Italian composer (1864–1945)

Alessandro Longo (31 December 1864 – 3 November 1945) was an Italian composer and musicologist.

==Early life==
Longo was born in Amantea. After studying at the Naples Conservatory under Beniamino Cesi (and composition under Paolo Serrao), he began teaching piano at his alma mater in 1887, deputizing for Cesi as pianoforte professor, and succeeded him in 1897. One of Longo's earliest students was Franco Alfano.

==Career==
As a pianist, Longo often played in chamber ensemble with the Ferni Quartet, and with the Quartetto Napoletano (with Cantani, Parmiciano, Scarano and Viterbini).
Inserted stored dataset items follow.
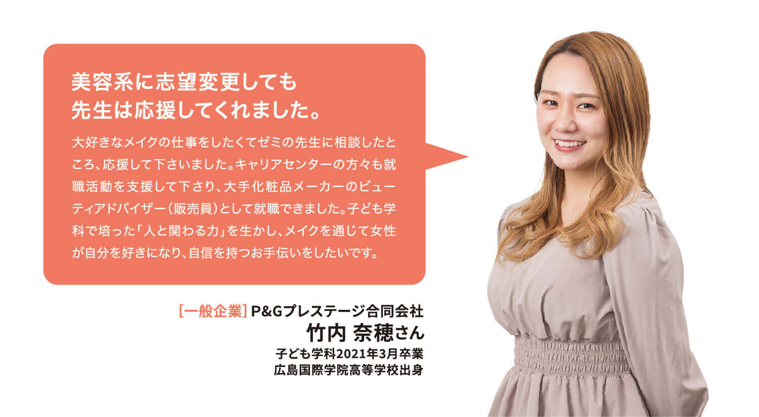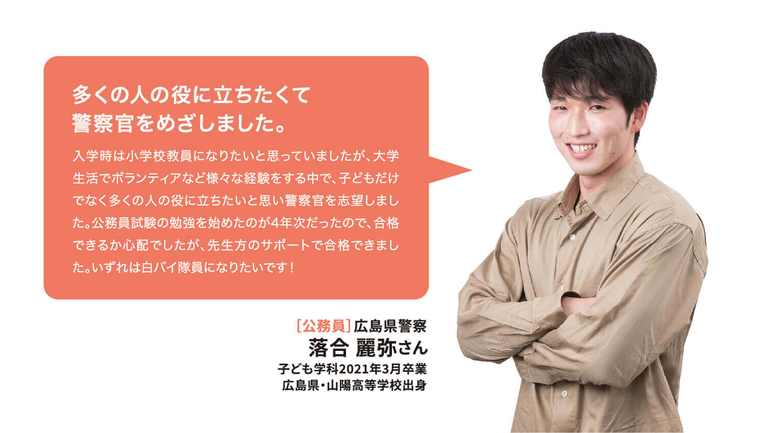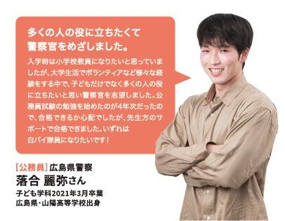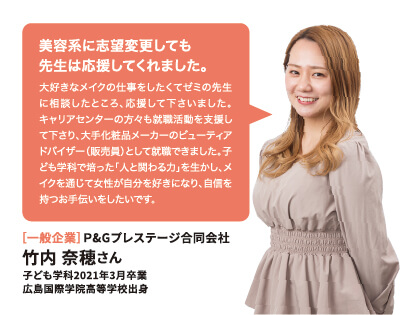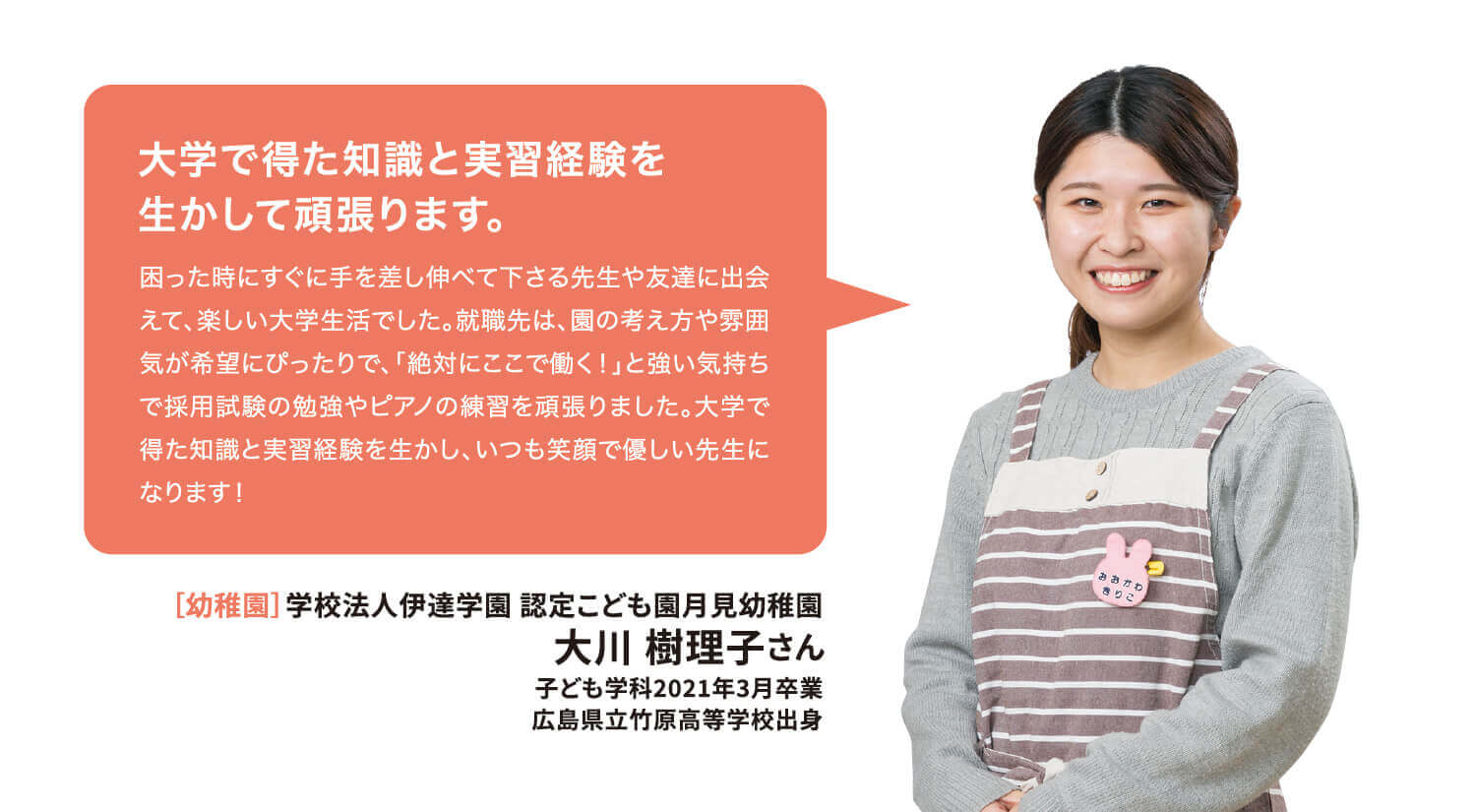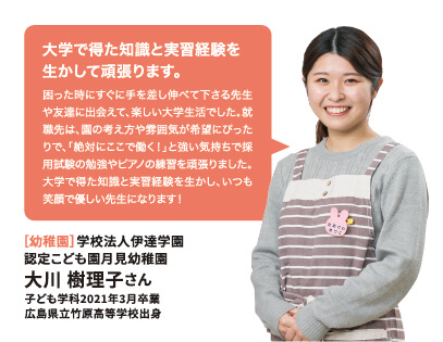 就職率 小学校・特別支援学校・幼稚園・保育所・認定こども園で多くの卒業生が活躍! 主な就職先一覧 (過去3年実績) 小学校 広島県・市公立小学校、出雲市公立小学校 認定こども園 こうわ認定こども園堀越、ロータスプリスクール西原、法輪学園アンカ子ども園、認定こども園月見幼稚園、認定仁方こども園、三原市公立認定こども園、認定こども園蓮生・まこと幼稚園、認定こども園サムエル広島子どもの園、認定こども園賀茂川、認定こども園めばえ幼稚舎、広島県同胞援護財団、認定こども園せいれんじ、広島光明学園、ひまわり福祉会 ひまわり認定こども園 幼稚園 祇園幼稚園、聖モニカ幼稚園、三次清心幼稚園、りゅうせん幼稚園 保育所 〈公立保育所〉三次市、松江市、広島市、岩国市、萩市、光市〈私立保育所〉青雲保育園、ほうりんフレンズ保育園、つきのひかり国際保育園、法輪学園、横路保育所、葵新生会、新生保育園、タスク・フォース、HOPPA、吉備のくに福祉会みどり保育園、あい福祉会あい保育園祇園、微妙福祉会、広島常光福祉会、なかよし保育園、佐東ひかり保育園、みつる保育園、千田保育園、かおる保育園、丸石子どもの家、りじょうKIDSたかや、ぽけっとランド、清心保育園、アイグラン、コネクタ、日本保育サービス、広島修道院、ナーガ保育園、旭が丘学園、こぐま保育園、東城有栖会 福祉 呉同済義会仁風園、八幡学園、さくら福祉会母子生活支援施設いもせハイツ、児童養護施設こぶしヶ丘学園、放課後等デイサービスライフ、春日野まごころ保育園、太田川学園、ライフアシスト、クオーレ、児童デイサービスすてーじ、香月産婦人科、光の園摂理の家 一般職 〈教育・福祉系企業〉ららぽーと千代田、西部教育事務所、イベントグループ、クラ・ゼミ、奏音、チモロ、アイグラン、アイドゥー 〈その他企業〉コシダカ、日本写真判定、大之木建設、P&Gプレステージ合同会社、COCOPLUS八丁堀店、広島綜合警備保障、しまなみ信用金庫、山口フィナンシャルグループ、広島トヨペット、ヤナセ、トヨタカローラ広島、マツダ、広島日産自動車、サコダ車輛、JA広島支部、全農広島鶏卵、明治安田生命保険、第一生命保険、タマホーム、シティホーム、エディオン、アートコーポレーション、中四国丸和ロジスティクス、アウトソーイングテクノロジー、エイジェック、ヒロホー、讃岐屋、MXモバイル、兼松コミュニケーションズ、ダックス、ウィゴー、ユナイテッドアローズ、アーバンリサーチ、池田ハルク、アークプロジェクト、サニクリーン中国、古川製作所、ロジコム 公務員 広島県警察 進学 広島文化学園大学大学院教育学研究科、学校法人川原学園東京動物専門学校 卒業生VOICE 広島文化学園大学で夢を叶え、社会で活躍する先輩にインタビューしました。
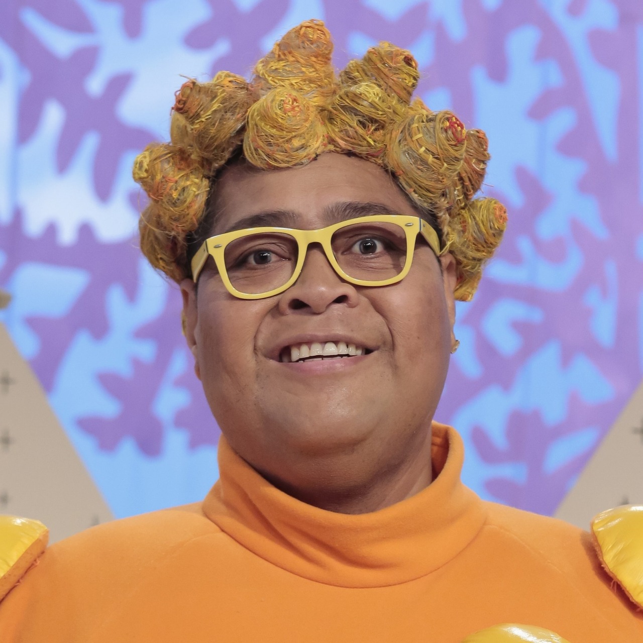 つづいてはラッキィ池田さん。ゾウのじょうろを頭につけている印象ですが、この写真では何か別のものがのっていますね。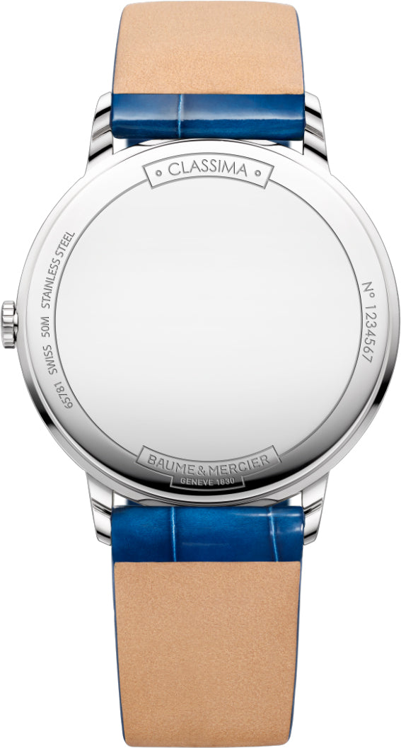 The Baume & Mercier Classima Women's Watch M0A10226 is crafted with a polished stainless steel case that encases a white mother-of-pearl dial. The center of the dial features a unique design, while silver-tone hands and diamonds & Roman numeral hour markers add a touch of elegance. At the 6 o'clock position, there is a date display aperture, and below the 12 o'clock position, a moonphase display. The watch is completed by a blue leather strap with a deployment buckle clasp for a secure and adjustable fit. This Swiss quartz watch boasts a water-resistance of up to 50 meters/165 feet.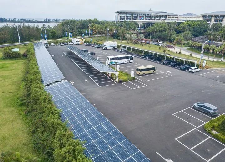 2025年3月16日在海南博鰲零碳示范區(qū)拍攝的建有光伏發(fā)電設(shè)備的停車場(chǎng)(無(wú)人機(jī)照片)。新華社記者 蒲曉旭 攝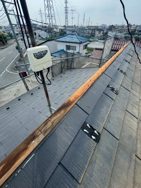 本日5軒の工事を進めています! 1.深谷市永田のお寺にて雨押えを付けています。 お寺が雨漏りしているので直したいと、役員さんから問い合わせをいただき、屋根の葺き替え工事をすることになりました。2月15日から始め、屋根葺き替え工事は終わり、残すは雨押えの作業のみです。*雨押え・・屋…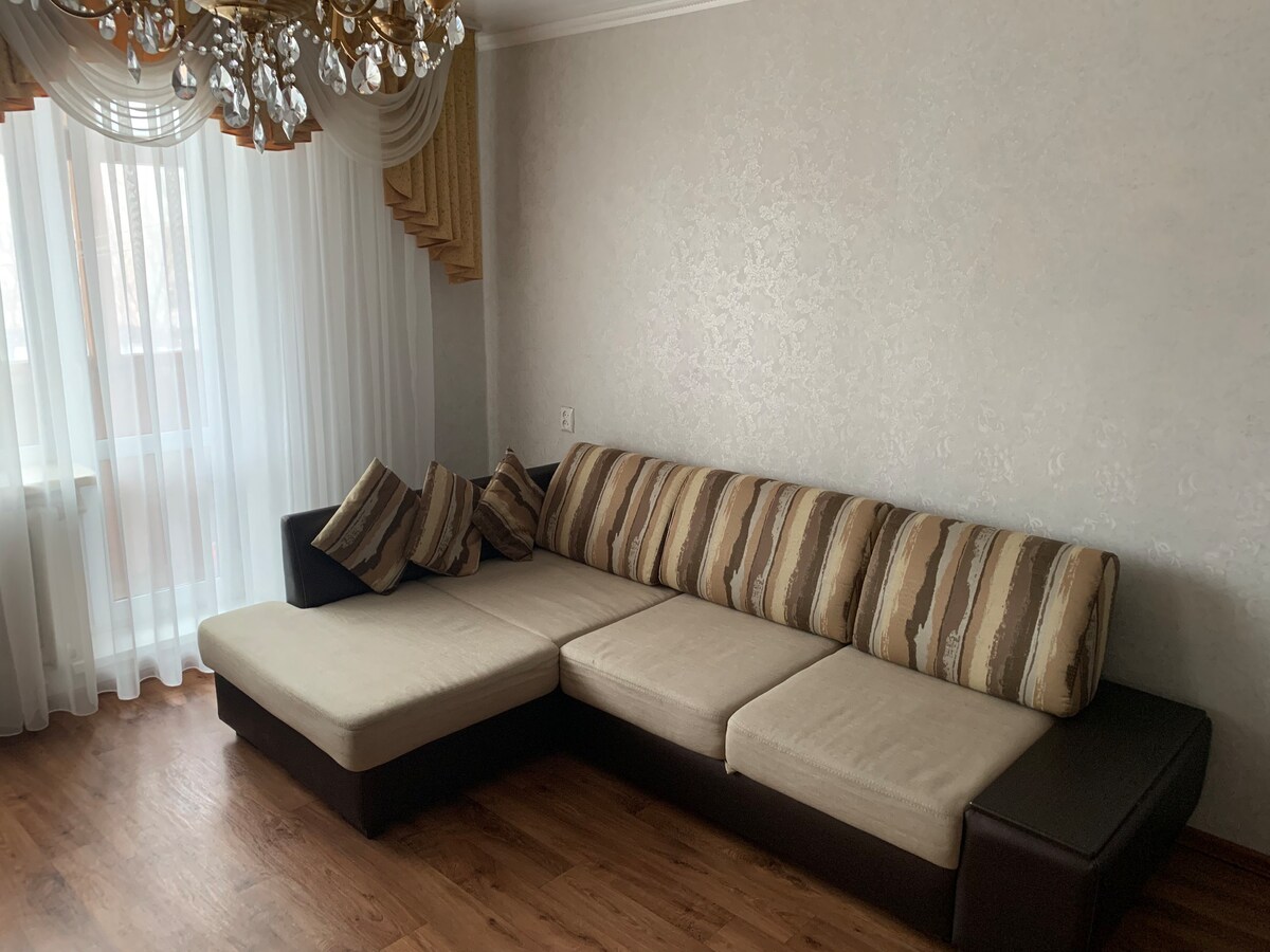 Квартира находится в центре города, в тихом и спокойном районе. Рядом — Центральный парк и парк с мемориалом «Вечный огонь». Просторная однокомнатная квартира оснащена всем необходимым для комфортного проживания и отдыха.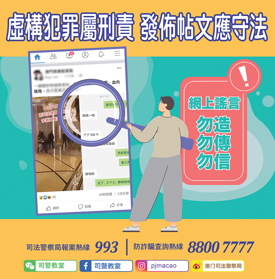 The Judiciary Police urged the public not to trust and forward unconfirmed information on the internet, otherwise, they could be sent to jail for up to one year or be fined.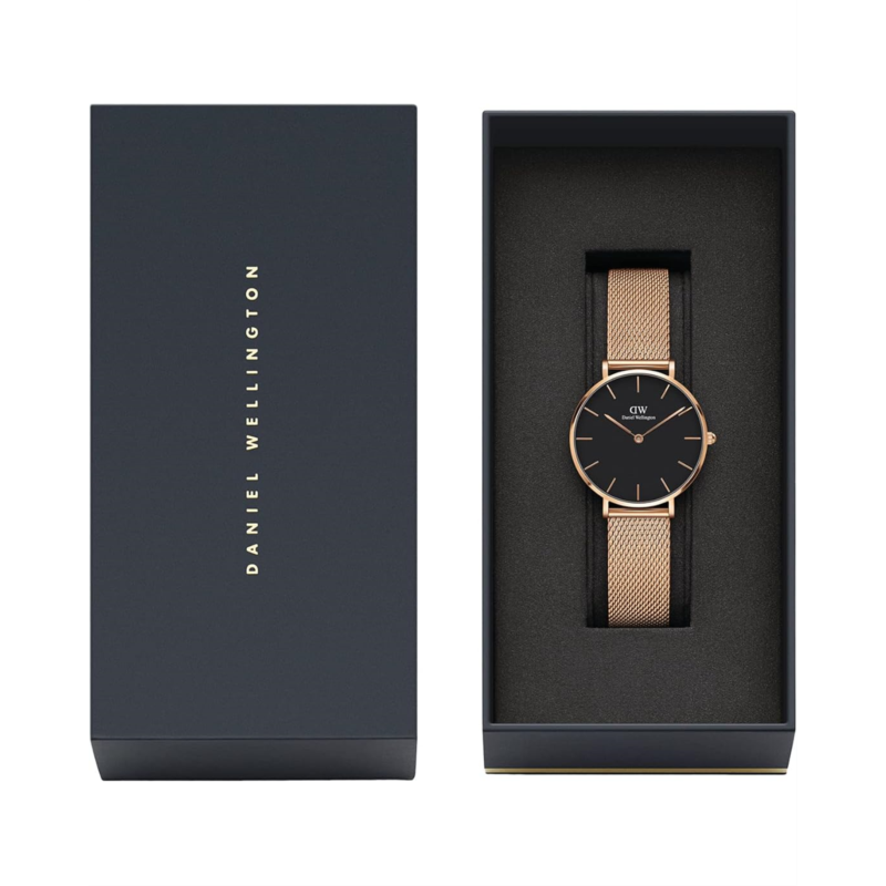 The Daniel Wellington 32 mm Petite Evergold Mesh Watch offers grace, simplicity, and elegance.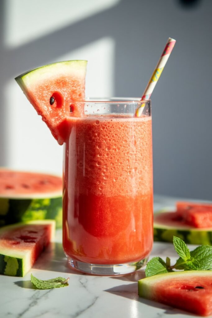 Watermelon is over 90 percent water, so blending it creates a drink that feels like eating a bowl of sweet, juicy fruit. It keeps you refreshed and replenished, especially on warm days.
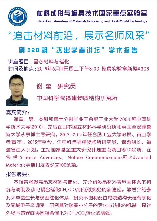 第320期杰出学者讲坛——中国科澳彩 福建物质结构研究所谢奎研究员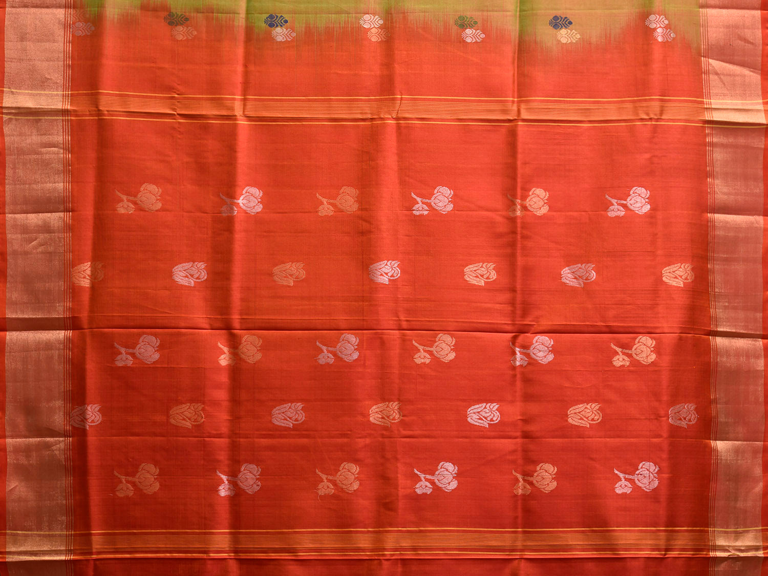 Olive and Orange Uppada Silk Handloom Saree with Body Buta Design u2435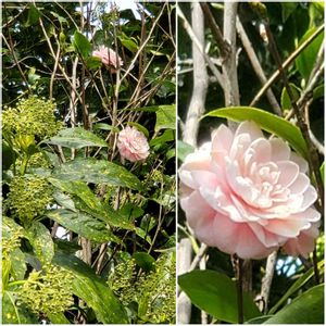 今日の庭 手付かずゾーンの足元が やや片付き 今年は近づいて🤳撮れました 伸び放題のアオキ🍃と 高~いところで咲いてる たぶん椿🌺4輪確認 乙女椿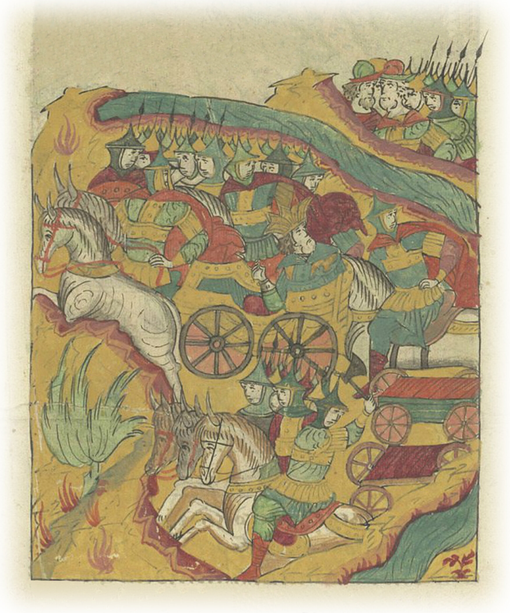 Крымский царь Саип-Гирей бежит от берега. Его везут в телеге, поскольку он был не в силах сидеть на коне.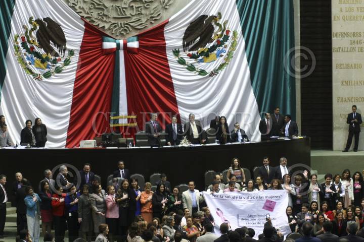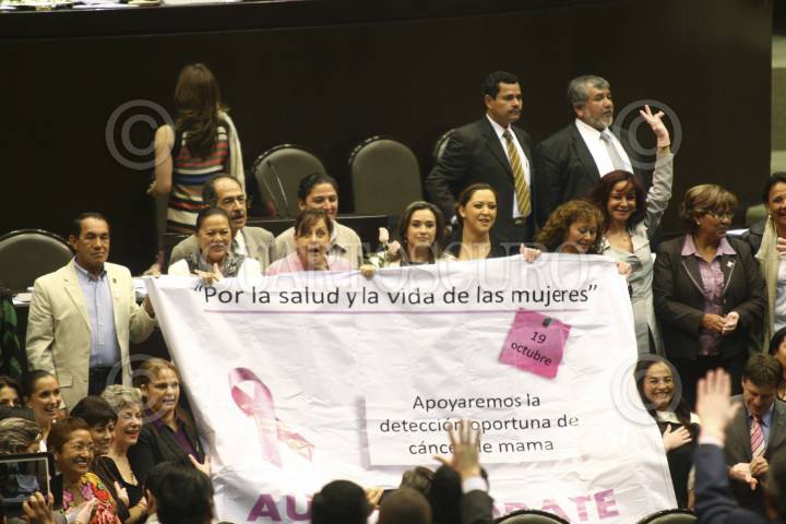 MÉXICO, D.F., 18OCTUBRE2012.- Diputadas de todas los colores partidarios tomaron la tribuna de San Lázaro para concientizar la exploración para la detención oportuna de cáncer de mama. FOTO: IVÁN MENDEZ /CUARTOSCURO.COM

He founded various musical institutions in Naples, and gained a high reputation as a concert pianist. In 1914 he began editing the review L'Arte Pianistica. He became Director of the Naples Conservatory in 1944, and died in Naples the following year, aged 80.

==Legacy==
Today, Longo is mainly remembered for compiling an almost comprehensive catalogue of the keyboard works of Domenico Scarlatti. For many years, Scarlatti's keyboard sonatas were conventionally identified by their Longo numbers, but these were later superseded by those found in Ralph Kirkpatrick's catalogue. Longo's Catalogue originated in his landmark full publication of the works of Scarlatti in 11 volumes and implied particular groupings of the sonatas, the chronology of which was later completely revised and differently grouped in Kirkpatrick's 1953 study of the composer. Longo also edited works by Domenico Gallo.

His compositions include, among others, two works for piano four-hands, a serenade and a suite; suites for piano with bassoon with oboe, with violin, flute and with clarinet.

==Family life==
His son, Achille Longo (1900-1954), was also a composer.